++++ DATA IN THIS EXERCISE ++++

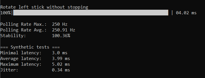 Με αυτά τα λόγια, η μέση καθυστέρηση του ελεγκτή είναι ~4 ms. Είναι εκπληκτικό το πώς το EasySMX X05 Pro όχι μόνο καταφέρνει να νικήσει τον ανταγωνιστή σε ενσύρματη λειτουργία, αλλά προσφέρει εύκολα ρυθμό ψηφοφορίας 1000 Hz με καθυστέρηση 1 ms και στην ασύρματη λειτουργία. Δεν είμαι σίγουρος γιατί το ποσοστό δημοσκοπήσεων και τα στοιχεία καθυστέρησης είναι τόσο ασυνήθιστα φτωχά, αλλά αυτό το αφήνει ξεκάθαρα ξεπερασμένο από τους αντιπάλους του.
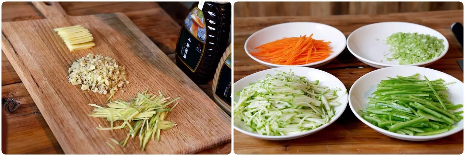 ② 将生姜,西葫芦,胡萝卜切丝,芹菜切丁。
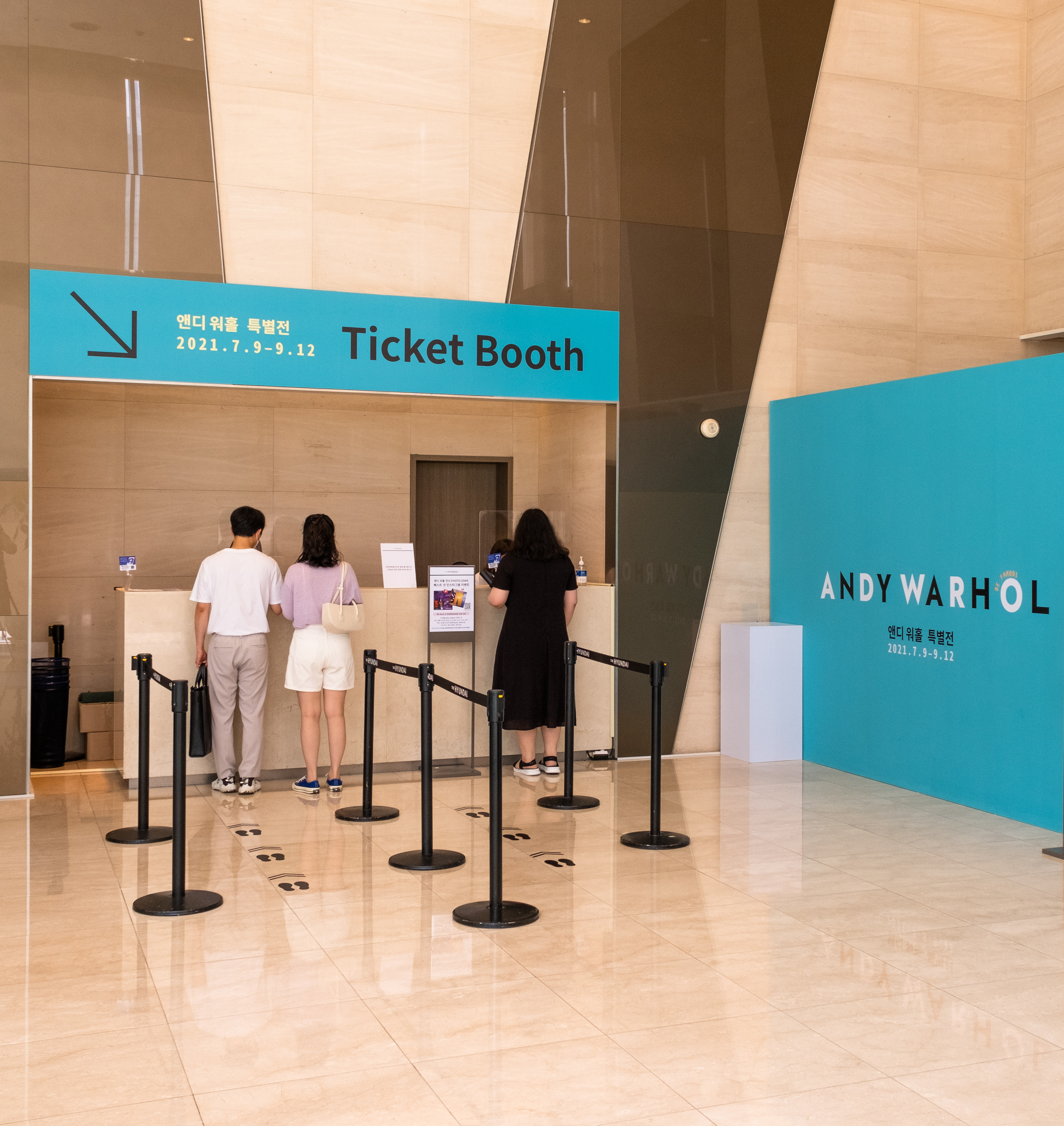 티켓 부스만 보아도 벌써부터 기대가 되는데요. 앤디 워홀 특별전 티켓은 현장예매 또는 네이버 예약에서 미리 구매하실 수도 있답니다. 현대백화점 카드를 사용하시거나 H.Point 회원 쿠폰을 현장에서 제시하시면 30% 할인도 받을 수 있어요.
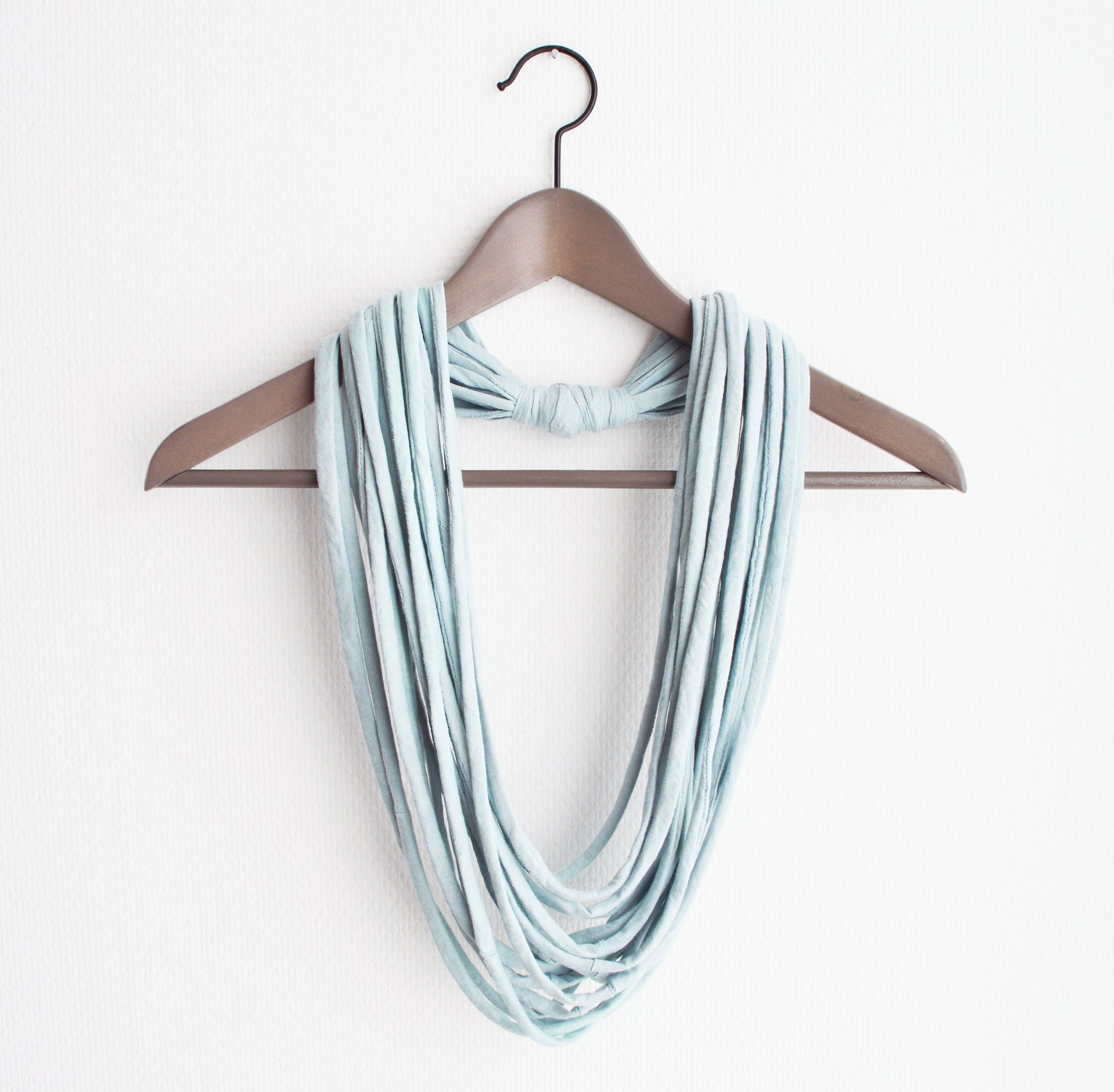 Light blue necklace neck ornament loop scarf infinity scarf round scarf OOAK minimalist scarf. Made from upcycled cotton. It's perfect for moms, because it's soft and the little baby can't tear it. :) It fits for a simple dress or blouse.
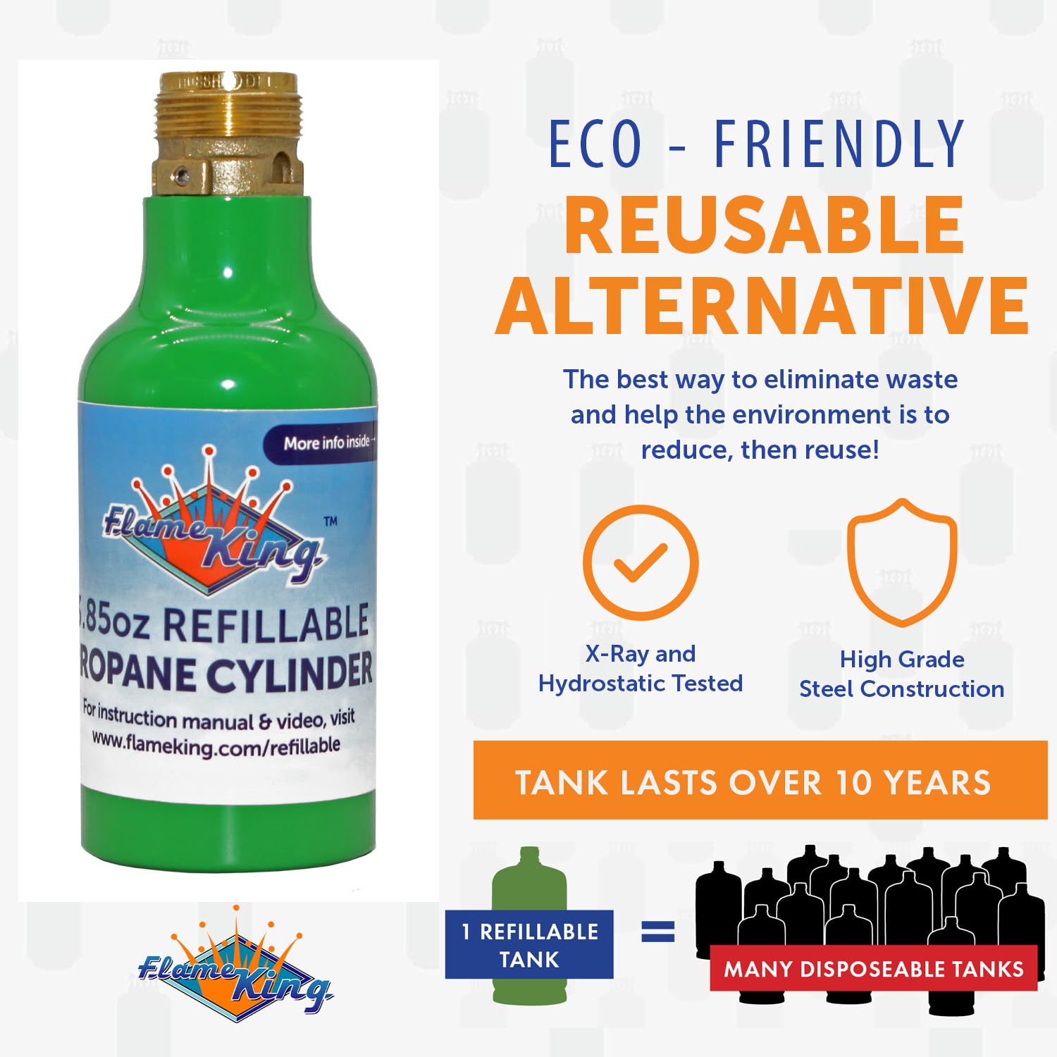 - REDUCE WASTE - Join the eco-revolution! Keep disposable propane tanks out of the environment by using the Flame King 3.85 oz refillable cylinders
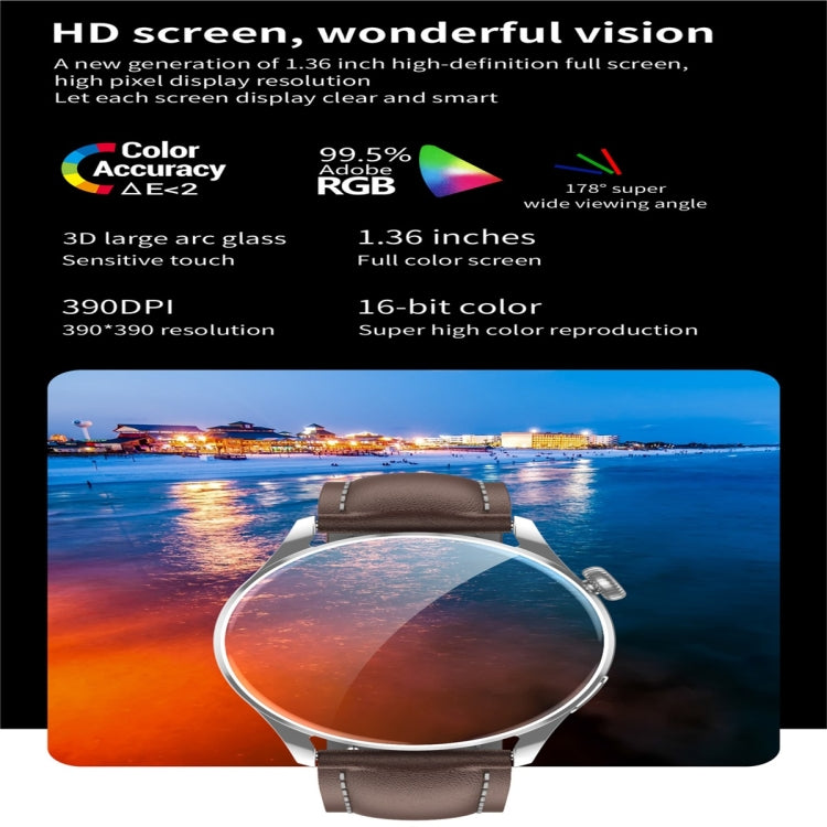 Q3 Max 1.36 inch Color Screen Smart Watch,Leather Strap,Support Heart Rate Monitoring / Blood Pressure Monitoring(Brown)
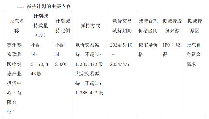 中国经济网北京5月7日讯 嘉和美康(688246.SH)昨晚发布股东减持股份计划公告。嘉和美康于2024年5月6日收到苏州赛富璞鑫医疗健康产业投资中心(有限合伙)(以下简称“赛富璞鑫”)出具的《关于股东减持计划的告知函》,因自身资金需求,股东赛富璞鑫计划根据市场情况拟通过集中竞价方式和大宗交易方式减持其持有的公司股份合计不超过2,770,846股,即不超过公司总股本的2.00%。其中,通过集中竞价交易方式和大宗交易方式分别减持不超过1,385,423股,自公告披露之日起3个交易日后的90天内进行。
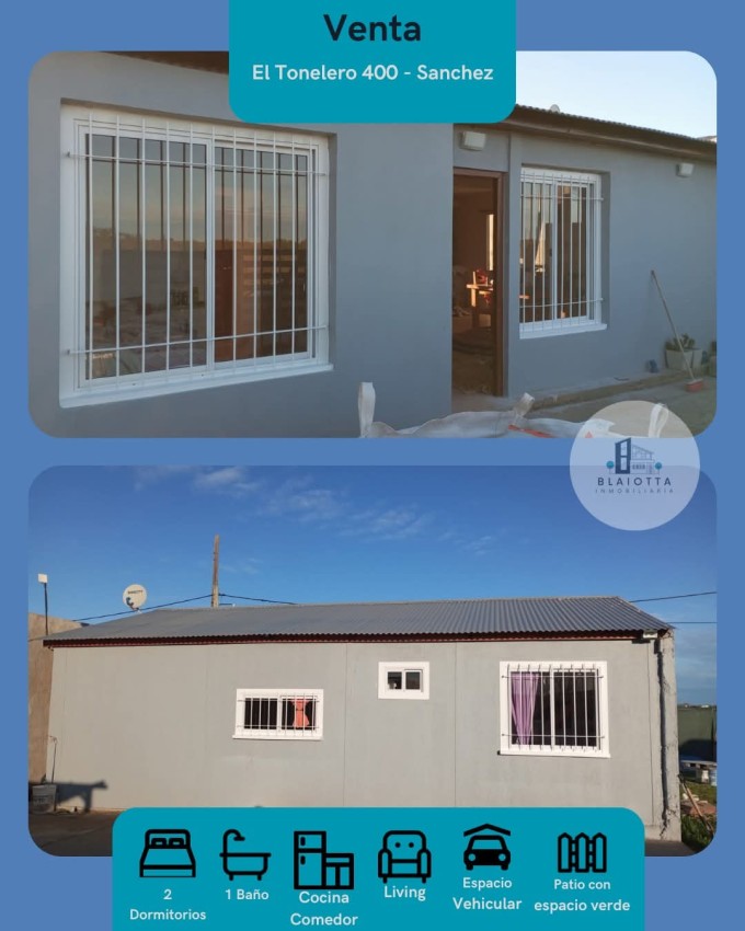 Dirección: El Tonelero al 400 La propiedad posee 2 dormitorios, baño, cocina-comedor, living, espacio vehicular y patio con espacio verde. Se acepta vehículo en parte de pago.
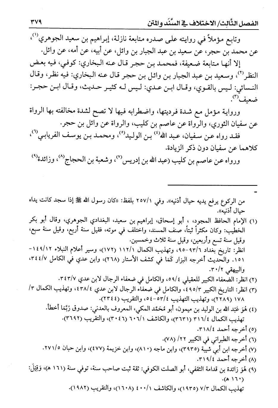 إلا أنها متابعة ضعيفة، فمحمد بن حجر قال عنه البخاري: كوفي، فيه بعض النظر (¬2)، وسعيد بن عبد الجبار بن وائل بن حجر قال عنه البخاري: فيه نظر، وقال النسائي: ليس بالقوي، وقال ابن عدي: ليس له كثير حديث، وقال ابن حجر: ضعيف (¬3).
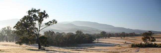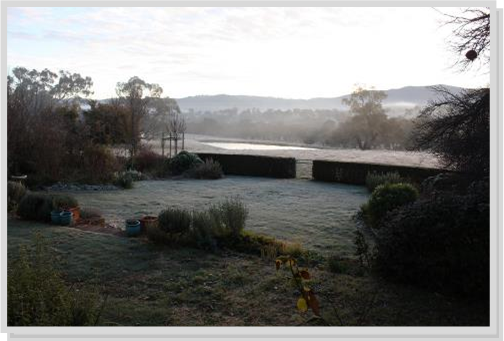 Even though it’s June and midwinter, the landscape is full of colour. In the morning when Wombat and I are out walking, Wombat scuttling after rabbits, me glowing in the cold, it’s blue and silver: the sky duck egg blue, the gums and wattles silvery pewter, the pasture glinting with white frost.
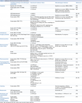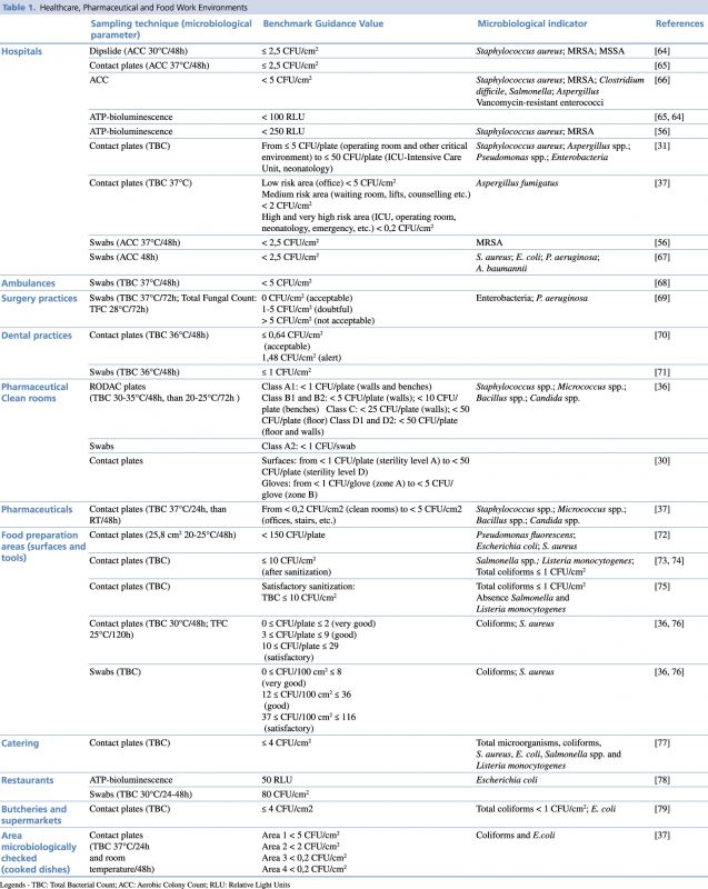 The literature on the quantitative evaluation of the levels of microbial contamination of the surfaces does not report standards or legislative references.62,63 The reported values are mostly finalized to estimate the cleaning efficacy of sanitation actions or to quantify and provide a general measure of bacterial load. Table 1 summarizes the benchmark values proposed by several authors in Healthcare, Pharmaceutical and Food work environments.
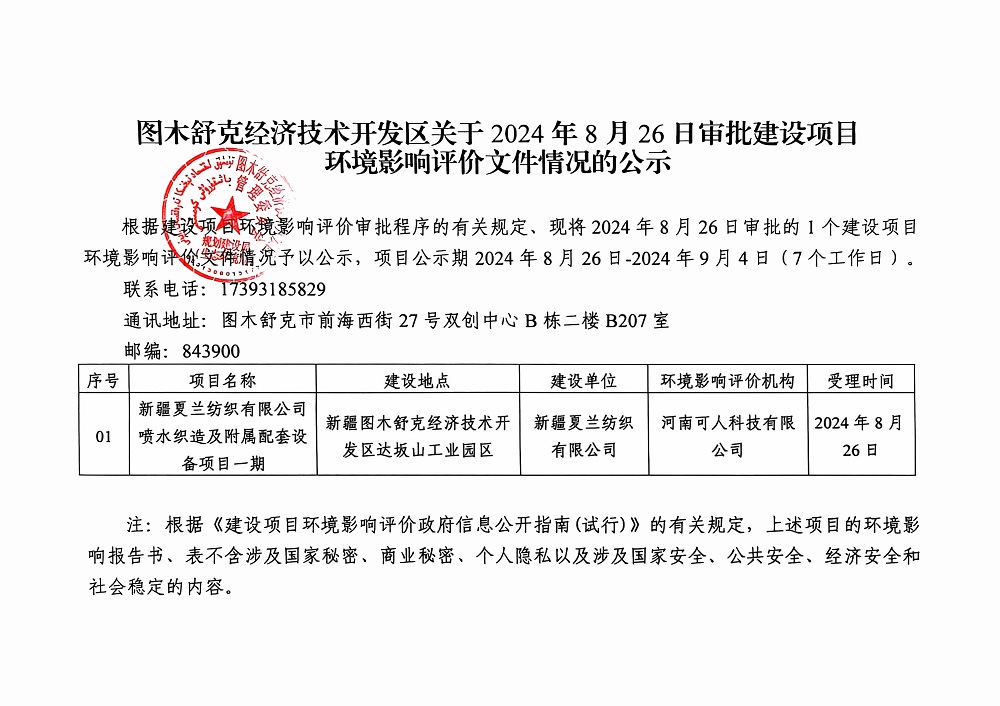 图木舒克经济技术开发区关于2024年8月26日审批建设项目环境影响评价文件情况的公示
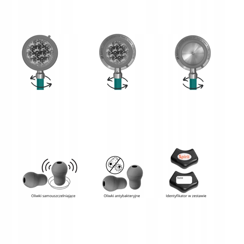 Стетоскоп Spiritхарактеризується високою якістю виготовлення з увагою до найдрібніших деталей та унікальним дизайном. Він має вдосконалену вбудовану двосторонню головку з нержавіючої сталі, оснащену великою діафрагмою для дорослих і маленькою для дітей. Завдяки використанню інтегрованої мембрани з обідком педіатричну мембрану можна легко та швидко трансформувати у воронку. Для полегшення заміни педіатричної діафрагми на лійку є маленька ручка на ободі та комірці лійки.
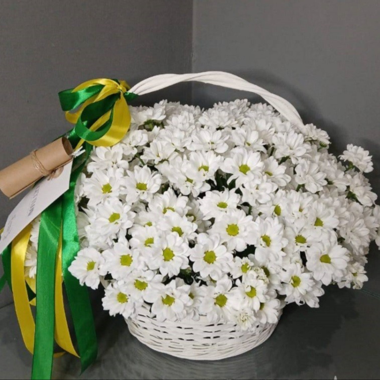 Прекрасный букет из 25 кустовых хризантем, уложенных в корзину и дополненных оазисом для длительного сохранения свежести цветов. Этот букет станет прекрасным подарком для любого случая и порадует своего получателя своей красотой и оригинальностью.
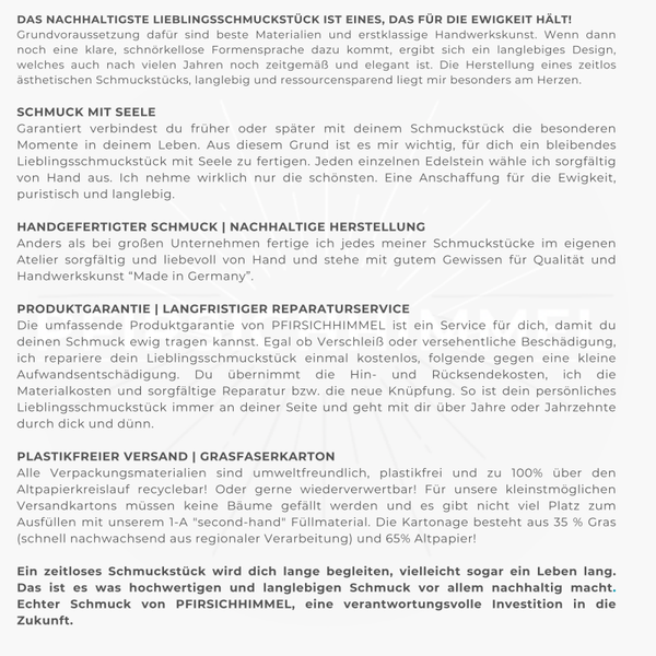 Garantiert verbindest du früher oder später mit deinem Schmuckstück Erlebnisse und Emotionen, daher soll es dich ein Leben lang begleiten. Jeden einzelnen Edelstein wählen wir sorgfältig von Hand aus. Wir nehmen wirklich nur die schönsten. Eine Anschaffung für die Ewigkeit, puristisch, nachhaltig und mit Reparaturservice.
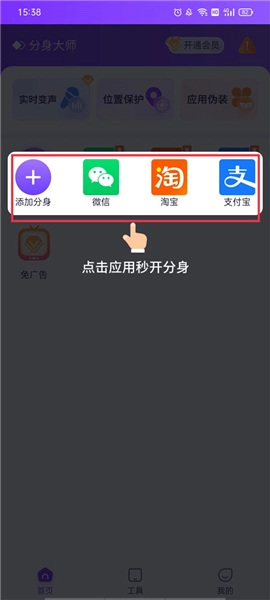 2、这里提供了很多功能,点击主页的添加分身,即可多开了;

++++

**GOAL OF THE EXERCISE:** Pictures aside, return exactly the lines from the data above, starting at the line that has "图木舒克经济技术开发区关于2" and ending at the line that has "Garantiert verbindest du", both included.

**ANSWER SECTION:**
 图木舒克经济技术开发区关于2024年8月26日审批建设项目环境影响评价文件情况的公示
 Стетоскоп Spiritхарактеризується високою якістю виготовлення з увагою до найдрібніших деталей та унікальним дизайном. Він має вдосконалену вбудовану двосторонню головку з нержавіючої сталі, оснащену великою діафрагмою для дорослих і маленькою для дітей. Завдяки використанню інтегрованої мембрани з обідком педіатричну мембрану можна легко та швидко трансформувати у воронку. Для полегшення заміни педіатричної діафрагми на лійку є маленька ручка на ободі та комірці лійки.
 Прекрасный букет из 25 кустовых хризантем, уложенных в корзину и дополненных оазисом для длительного сохранения свежести цветов. Этот букет станет прекрасным подарком для любого случая и порадует своего получателя своей красотой и оригинальностью.
 Garantiert verbindest du früher oder später mit deinem Schmuckstück Erlebnisse und Emotionen, daher soll es dich ein Leben lang begleiten. Jeden einzelnen Edelstein wählen wir sorgfältig von Hand aus. Wir nehmen wirklich nur die schönsten. Eine Anschaffung für die Ewigkeit, puristisch, nachhaltig und mit Reparaturservice.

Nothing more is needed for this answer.